La semaine dernière encore, ils ont réalisé une action pour sensibiliser l'opinion publique mais n'ayant pas la possibilité de mettre leur activité en suspens (service public de première nécessité), leur colère n'est guère entendue et leur activité reste exactement la même.
Un Don Quichotte qui n'avait plus la force de se battre
S'il refuse de parler de "jeter l'éponge", Xavier Poble admet "une lassitude, un épuisement". Depuis déjà plusieurs années, il dirige le plus gros service de l'hôpital, avec plus de 100 personnes. Un service qui absorbe également la moitié des hospitalisations, sans le budget adéquat en face. "On devrait avoir le plus gros budget de l'établissement... mais non, on nous demande de faire toujours plus, avec toujours moins de moyens".
Sa situation, il la compare à celle de Don Quichotte, épuisé de se battre contre des moulins à vent. "Nous sommes confrontés à un afflux massif de personnes et on n'arrivera jamais à résorber cette demande", déplore-t-il. Une situation d'autant plus usante pour les personnels qu'ils sont en première ligne face à l'impatience, l'insatisfaction, voire la colère des patients.
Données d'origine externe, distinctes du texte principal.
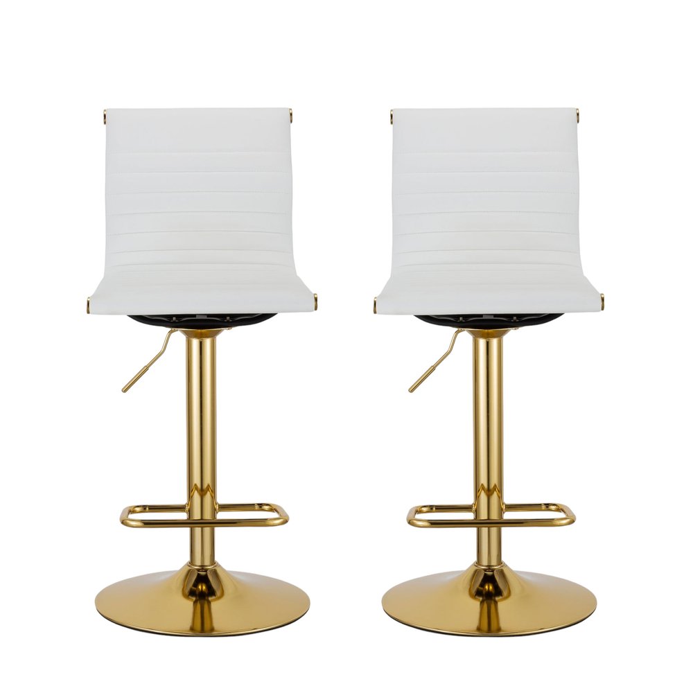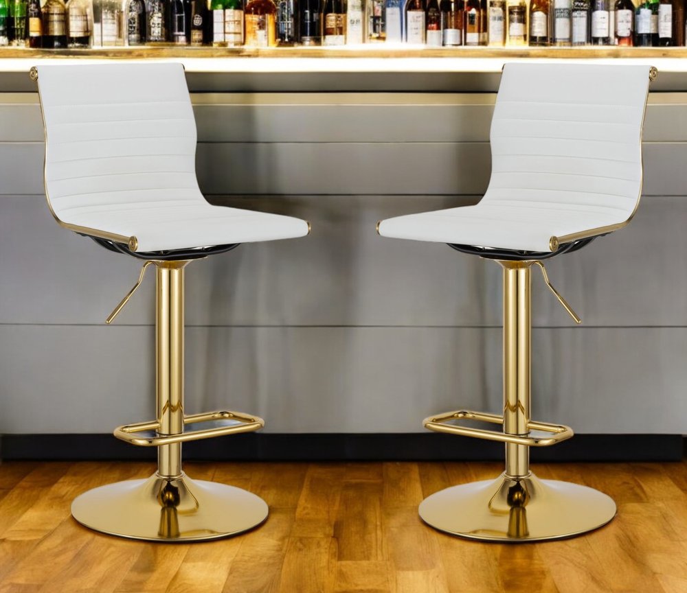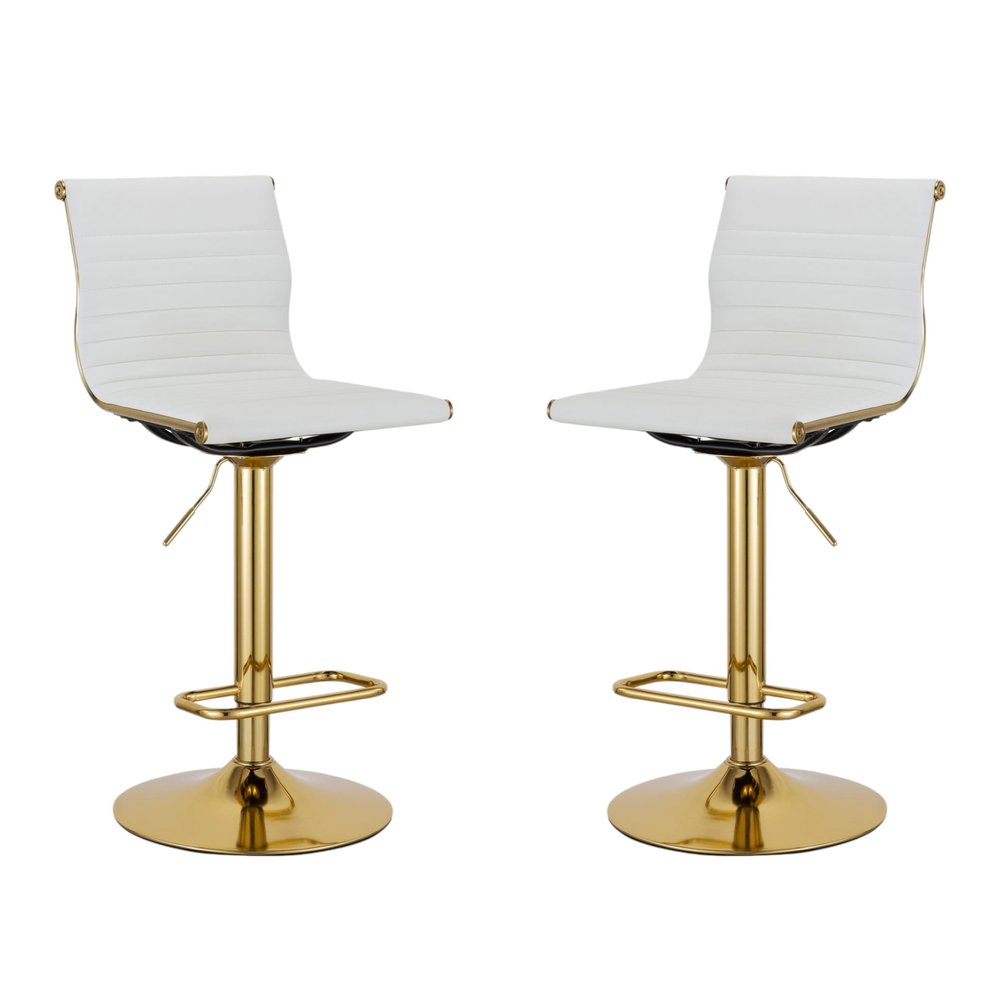 Set of Two White and Gold Faux Leather and Metal Low Back Adjustable Height Bar Chairs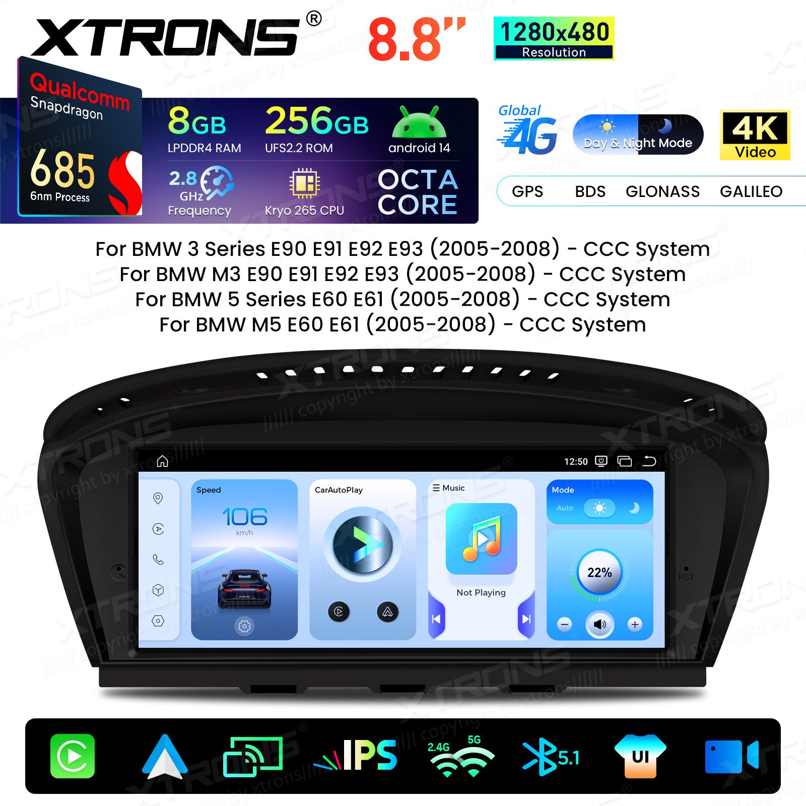 8.8 Zoll Qualcomm Snapdragon 685 8+256GB IPS Bildschirm Android Auto Bildschirm Infotainment System Upgrade für BMW 3/5 Serie/M3/M5 mit CCC System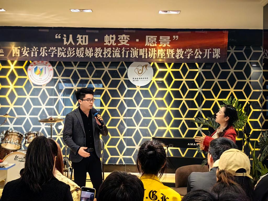 10月27日,由科研处、音乐学院主办的学术论“谈”系列讲座:“认知·蜕变·愿景”在长安校区乐工坊开讲,此次讲座特别邀请西安音乐学院彭媛娣教授为我校师生带来一场别开生面的流行演唱教学公开课。科研处处长李永春,音乐学院院长薛莲、副院长张婷婷、流行音乐教研室主任达三江及师生一同参加。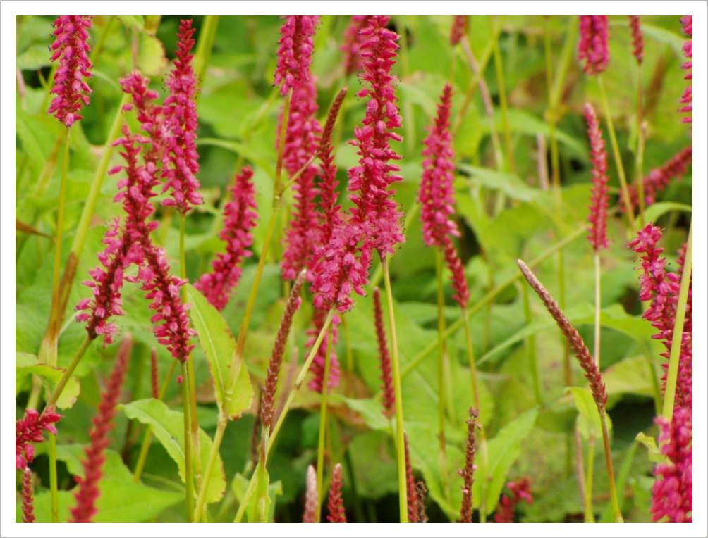 Persicaria amplexicaulis ‘Firetail’ is a large perennial with red flower spikes in late summer. It likes moist soil in sun or partial shade.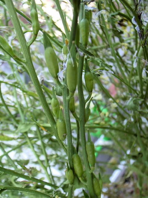 そのルッコラに、いっぱい種サヤができています。大きなものだと2cm位あります。このまま枯れるのを待てば種が採れるはずです。
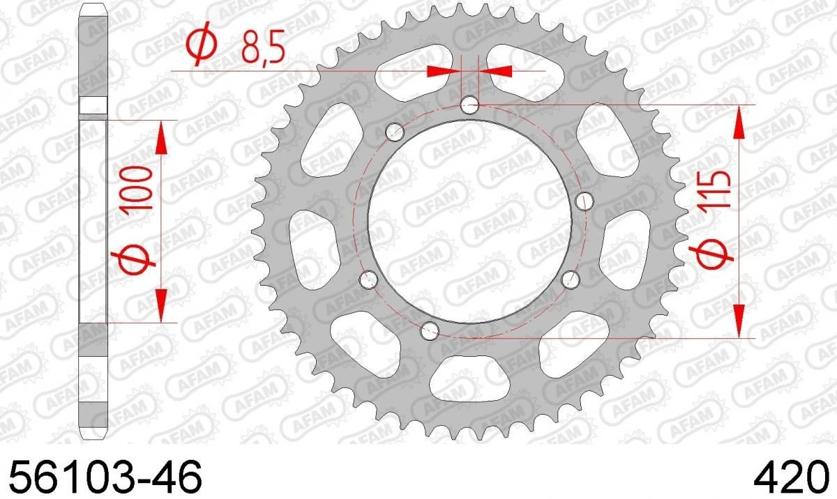 Een stalen 46 tands AFAM achtertandwiel. De tandwielen van AFAM zijn gemaakt van C45 staal met inductie geharde tanden, het tandprofiel is concentrisch, plat en perfect rond. Door deze samenstelling zijn de AFAM tandwielen perfect ter vervanging of zelfs ter verbetering van de OEM tandwielen.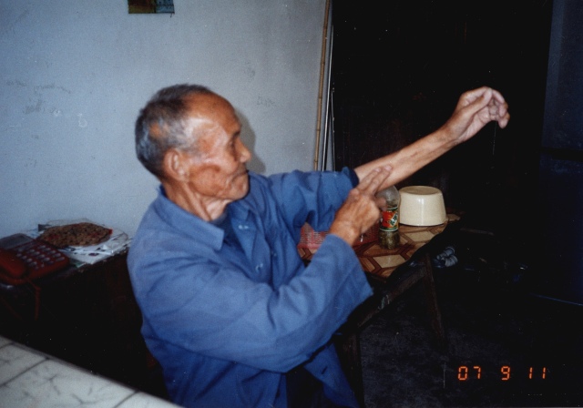 李金根的家在上海南汇区牌楼村。2007年9月11日,我和时年86岁的老英雄终于见上了。他身材瘦小,面色黝黑,就是老农民的模样,但身体硬朗,穿着干净的蓝色卡其布衫,普通话夹杂着南汇方言。
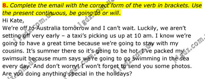 8. Complete the email with the correct form of the verb in brackets. Use the present continuous, be going to or will. Hi Kate, We’re off to Australia tomorrow and I can’t wait. Luckily, we aren’t setting off very early – a taxi’s picking us up at 10 am. I know we’re going to have a great time because we’re going to stay with my cousins. It’s summer there so it’s going to be hot. I’ve packed my swimsuit because mum says we’re going to go swimming in the sea every day. And don’t worry! I won’t forget to send you some photos. Are you doing anything special in the holidays?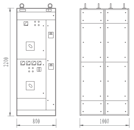 4. La prDeondeur des 3 armoires est de 800mm, mais lorsque les lignes supérieure et sortante sont toutes de 1000mm, à l'exception des armoires entrantes.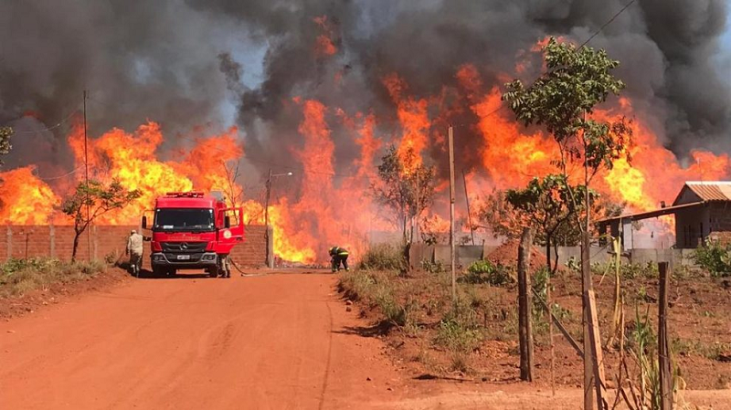 Um incêndio de grandes proporções ocorreu, hoje, em uma empresa de fabricação e armazenamento de paletes de madeira localizada no bairro São Mateus, em Várzea Grande. As chamas destruíram um caminhão, que estava no pátio, e danificaram parcialmente a estrutura do setor administrativo.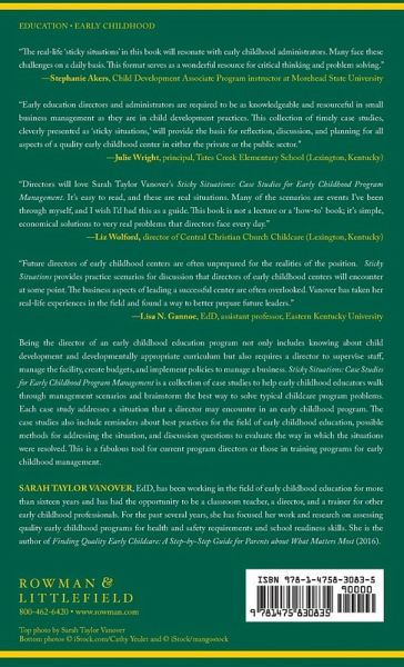 Preface 1.A Sticky Situation with Marketing & Enrollment 2.A Sticky Situation with Menu Planning 3.A Sticky Situation with Parent Complaints 4.A Sticky Situation with Dress Code 5.A Sticky Situation with Cell Phones 6.A Sticky Situation with Biting 7.A Sticky Situation with Confidentiality 8.A Sticky Situation with Parent Feedback 9.A Sticky Situation with Staff Gossip 10.A Sticky Situation with Social Media 11.A Sticky Situation with Staff Playground Behavior 12.A Sticky Situation with Parent Behavior 13.A Sticky Situation with Annual Evaluations 14.A Sticky Situation with an Advisory Board 15.A Sticky Situation with Facility Management 16.A Sticky Situation with Weather Cancellations 17.A Sticky Situation with Staff Interviews 18.A Sticky Situation with Parent Education Nights 19.A Sticky Situation with Fundraising 20.A Sticky Situation with Staff Turnover 21.A Sticky Situation with Staff Professional Development 22.A Sticky Situation with Scheduling 23.A Sticky Situation with Transportation 24.A Sticky Situation with Staff Wages About the Author

Sans oublier qu'un médecin urgentiste fait en moyenne une soixantaine d'heures par semaine, dont la moitié de nuit, parfois au détriment d'une vie familiale.
Le personnel des urgences "entre le marteau et l'enclume des patients et des institutions"
Ce retrait de la direction du service des urgences du Puy, c'est une façon de mettre un terme à un combat perdu d'avance ? On a le sentiment de se battre seul et sans espoir de réussite ?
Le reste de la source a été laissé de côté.